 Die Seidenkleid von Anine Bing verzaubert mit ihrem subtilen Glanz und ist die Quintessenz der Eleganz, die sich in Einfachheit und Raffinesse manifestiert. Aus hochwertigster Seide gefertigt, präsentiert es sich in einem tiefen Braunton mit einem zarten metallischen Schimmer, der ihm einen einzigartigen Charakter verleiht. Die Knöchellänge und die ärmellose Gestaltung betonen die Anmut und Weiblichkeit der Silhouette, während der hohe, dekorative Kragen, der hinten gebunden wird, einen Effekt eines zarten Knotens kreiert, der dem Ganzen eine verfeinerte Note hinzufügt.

...

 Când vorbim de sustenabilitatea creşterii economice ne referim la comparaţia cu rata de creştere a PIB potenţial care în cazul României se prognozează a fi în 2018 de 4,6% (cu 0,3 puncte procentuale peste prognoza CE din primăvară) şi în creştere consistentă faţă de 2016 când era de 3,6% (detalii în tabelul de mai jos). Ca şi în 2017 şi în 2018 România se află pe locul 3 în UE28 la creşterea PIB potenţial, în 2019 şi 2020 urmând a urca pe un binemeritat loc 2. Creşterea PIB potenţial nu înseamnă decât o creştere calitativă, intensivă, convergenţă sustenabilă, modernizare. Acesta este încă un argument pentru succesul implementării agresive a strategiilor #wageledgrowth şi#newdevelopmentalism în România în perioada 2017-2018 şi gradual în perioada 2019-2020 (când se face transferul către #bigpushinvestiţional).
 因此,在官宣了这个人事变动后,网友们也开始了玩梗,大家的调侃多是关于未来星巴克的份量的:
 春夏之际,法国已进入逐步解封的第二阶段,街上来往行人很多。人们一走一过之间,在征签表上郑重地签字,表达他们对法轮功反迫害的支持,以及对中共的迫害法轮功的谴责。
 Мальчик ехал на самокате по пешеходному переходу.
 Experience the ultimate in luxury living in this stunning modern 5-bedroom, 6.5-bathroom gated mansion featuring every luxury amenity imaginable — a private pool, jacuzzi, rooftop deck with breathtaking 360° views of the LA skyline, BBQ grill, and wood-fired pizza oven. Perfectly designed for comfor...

* * *

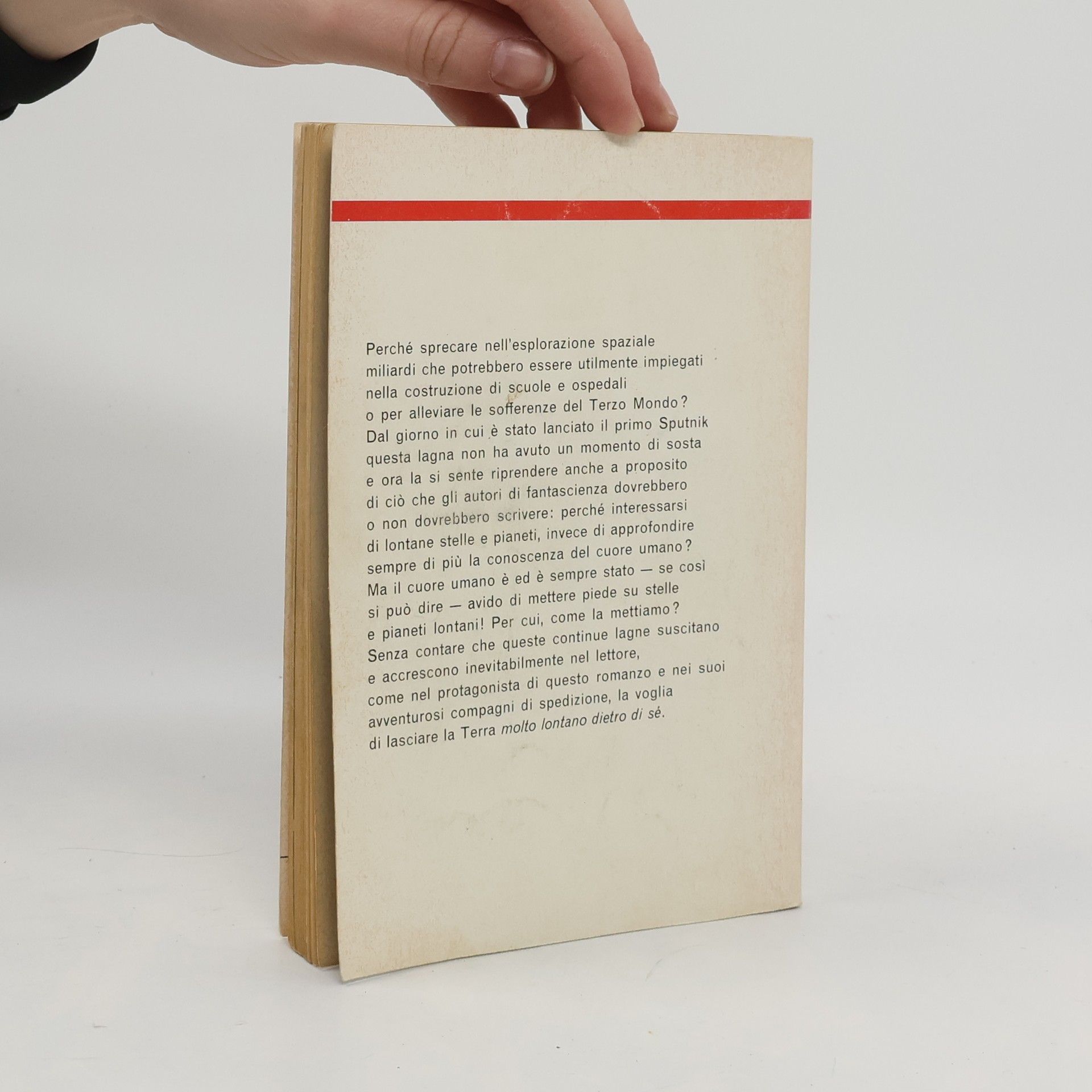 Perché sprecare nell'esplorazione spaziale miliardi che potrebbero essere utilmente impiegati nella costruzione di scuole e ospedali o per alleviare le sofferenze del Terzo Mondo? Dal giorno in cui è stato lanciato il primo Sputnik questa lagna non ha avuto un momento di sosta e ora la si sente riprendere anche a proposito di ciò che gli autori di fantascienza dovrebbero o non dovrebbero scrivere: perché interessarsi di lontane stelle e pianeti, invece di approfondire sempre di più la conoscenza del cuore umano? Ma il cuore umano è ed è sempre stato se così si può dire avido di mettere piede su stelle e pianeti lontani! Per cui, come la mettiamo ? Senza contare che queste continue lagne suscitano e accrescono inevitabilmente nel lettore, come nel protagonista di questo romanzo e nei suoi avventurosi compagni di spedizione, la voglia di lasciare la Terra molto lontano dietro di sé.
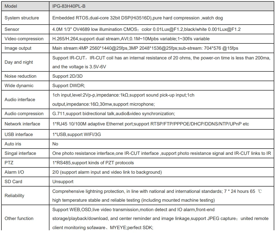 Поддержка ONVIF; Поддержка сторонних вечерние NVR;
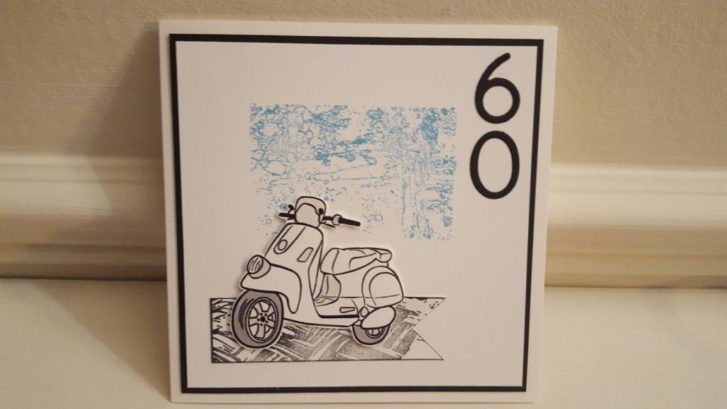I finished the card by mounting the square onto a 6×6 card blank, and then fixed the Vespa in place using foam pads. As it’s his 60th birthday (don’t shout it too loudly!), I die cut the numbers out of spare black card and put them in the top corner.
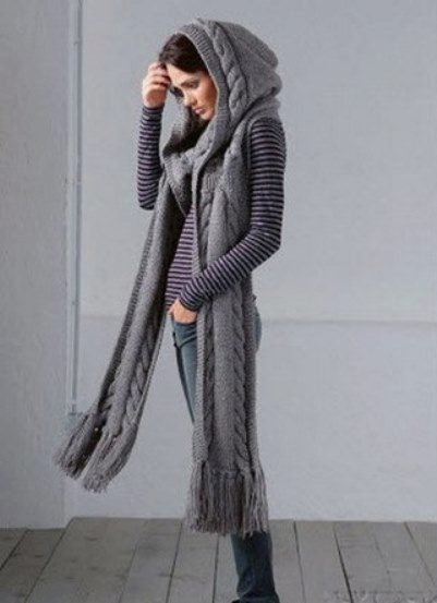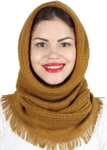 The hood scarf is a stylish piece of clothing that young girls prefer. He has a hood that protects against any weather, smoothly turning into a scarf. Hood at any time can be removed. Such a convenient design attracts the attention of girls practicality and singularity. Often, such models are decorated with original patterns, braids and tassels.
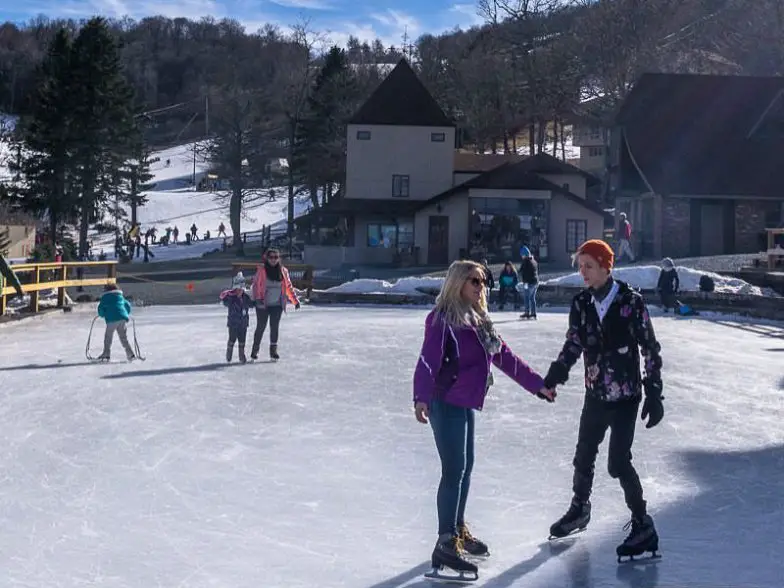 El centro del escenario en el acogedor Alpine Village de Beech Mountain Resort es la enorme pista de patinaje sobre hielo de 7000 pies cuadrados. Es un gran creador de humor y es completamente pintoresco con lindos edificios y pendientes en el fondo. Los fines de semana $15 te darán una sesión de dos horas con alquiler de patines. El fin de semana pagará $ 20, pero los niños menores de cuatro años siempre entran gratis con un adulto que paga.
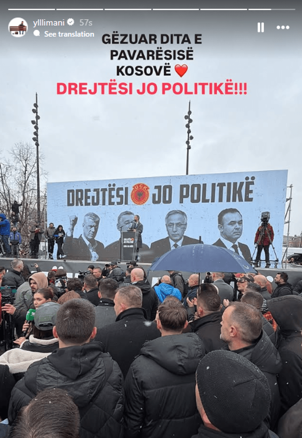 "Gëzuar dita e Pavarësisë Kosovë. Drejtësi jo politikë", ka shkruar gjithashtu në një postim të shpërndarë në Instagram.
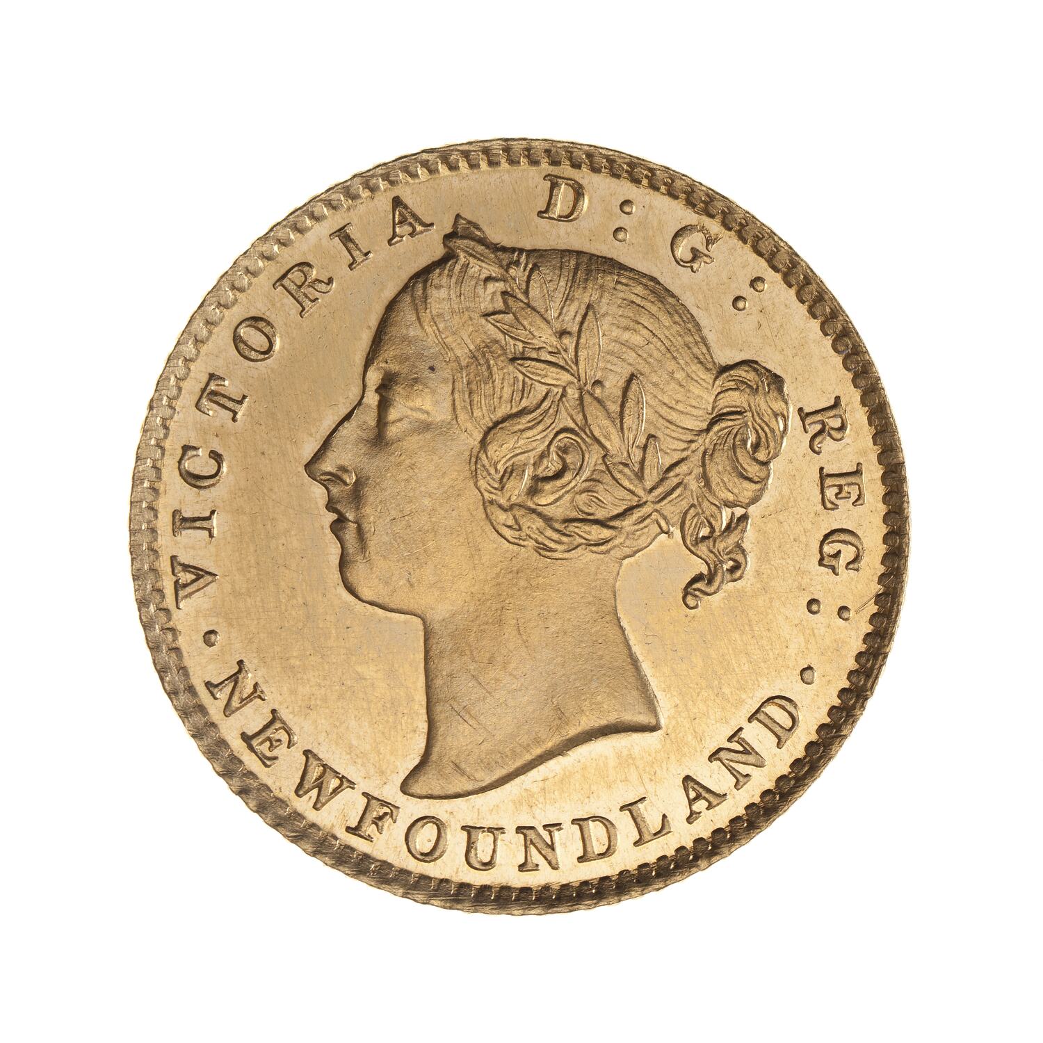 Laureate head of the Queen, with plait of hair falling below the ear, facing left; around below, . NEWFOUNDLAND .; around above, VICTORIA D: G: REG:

#### [Exercise instructions]
Extract from the records above the lines from the one containing "因此,在官宣了这个人事变动后" to the one containing "Experience the ultimate", both lines included, exactly as they appear and with nothing else.

#### [Response]
 因此,在官宣了这个人事变动后,网友们也开始了玩梗,大家的调侃多是关于未来星巴克的份量的:
 春夏之际,法国已进入逐步解封的第二阶段,街上来往行人很多。人们一走一过之间,在征签表上郑重地签字,表达他们对法轮功反迫害的支持,以及对中共的迫害法轮功的谴责。
 Мальчик ехал на самокате по пешеходному переходу.
 Experience the ultimate in luxury living in this stunning modern 5-bedroom, 6.5-bathroom gated mansion featuring every luxury amenity imaginable — a private pool, jacuzzi, rooftop deck with breathtaking 360° views of the LA skyline, BBQ grill, and wood-fired pizza oven. Perfectly designed for comfor...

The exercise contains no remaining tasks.